U.S. farm bankruptcies have already exceeded 2024 totals in just the first quarter of 2025, signaling a return to the financial pressures that plagued the agricultural sector before the pandemic, according to University of Arkansas experts.
With 259 Chapter 12 bankruptcy filings nationwide through March, farmers are facing challenges reminiscent of the difficult period in 2018-2019, said Ryan Loy, extension economist for the University of Arkansas System Division of Agriculture.
"We've already beat last year in terms of national filings," Loy said. "It's a clear sign that financial pressures that we saw before in the 2018 and '19 are kind of re-emerging."
Arkansas has been particularly hard hit, accounting for 26.8% of all filings in the 8th U.S. District Court this year. More than 60 farm auctions have been held in the state since December.

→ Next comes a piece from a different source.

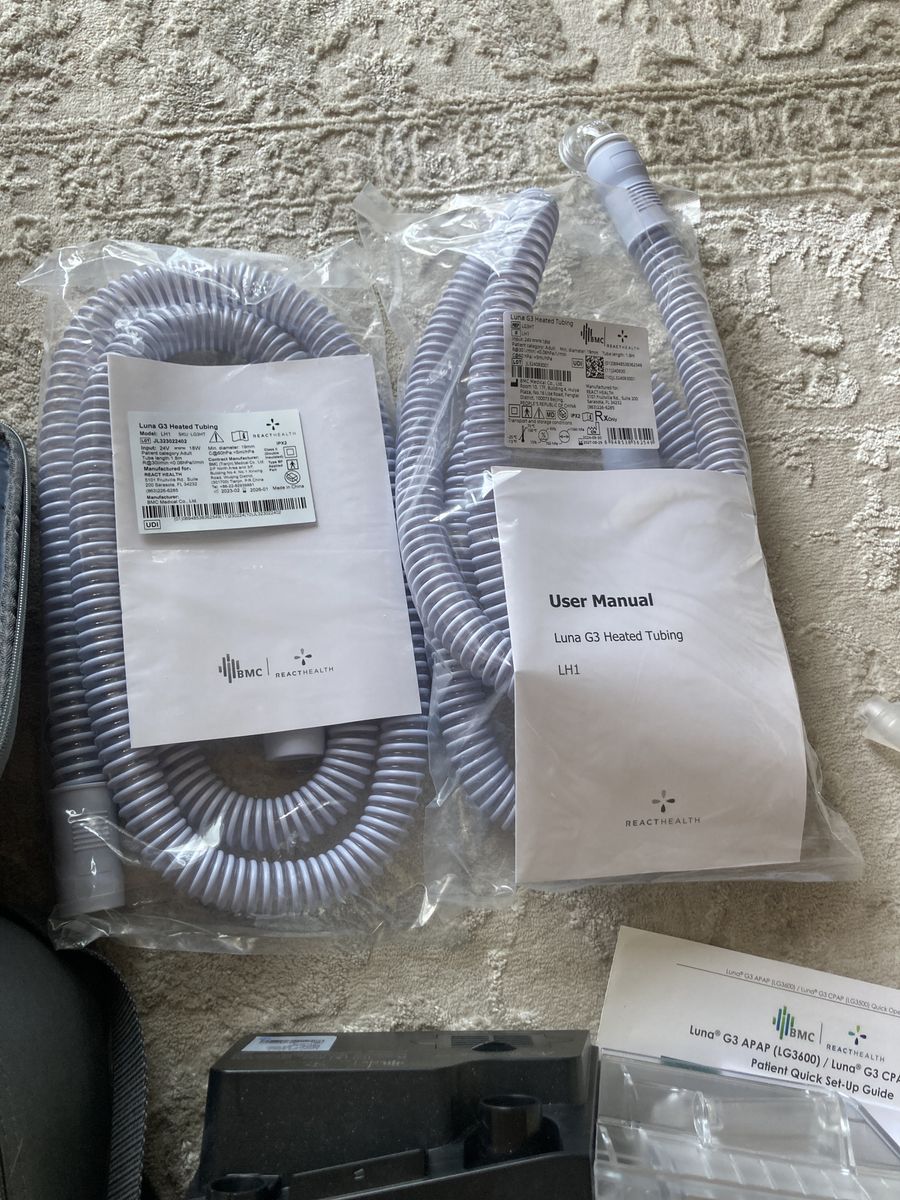I cleaned the nose pillows by soaking in hot tap water with a teaspoon of bleach. Just one of the two heated tubing packages has been used.

Chapter 12 bankruptcy, designed specifically for farmers and family fishermen during the 1986 farm crisis, allows agricultural operations to reorganize and repay all or part of their debts rather than liquidating assets under Chapter 7.
Scott Stiles, extension economics program associate, attributes the increase to multiple factors.
"Commodity prices are back at levels where they were in the 2018-2019 era," Stiles said, noting that input costs for seed, fertilizer, pest management and diesel remain stubbornly high.
Weather challenges and trade environment concerns have compounded the problem, leading farmers to defer major investments. Tractor sales have fallen 13% year over year, while combine sales have plummeted 48%.
The impacts extend beyond farms to entire rural communities.
"Your input suppliers, your equipment dealers, anybody who provides a service to farmers is impacted by this, too," Stiles said.
"If the farmers are hurting, those communities are going to hurt too," added Loy.
The current pace suggests 2025 could approach or exceed the decade-high 599 Chapter 12 filings recorded in 2019.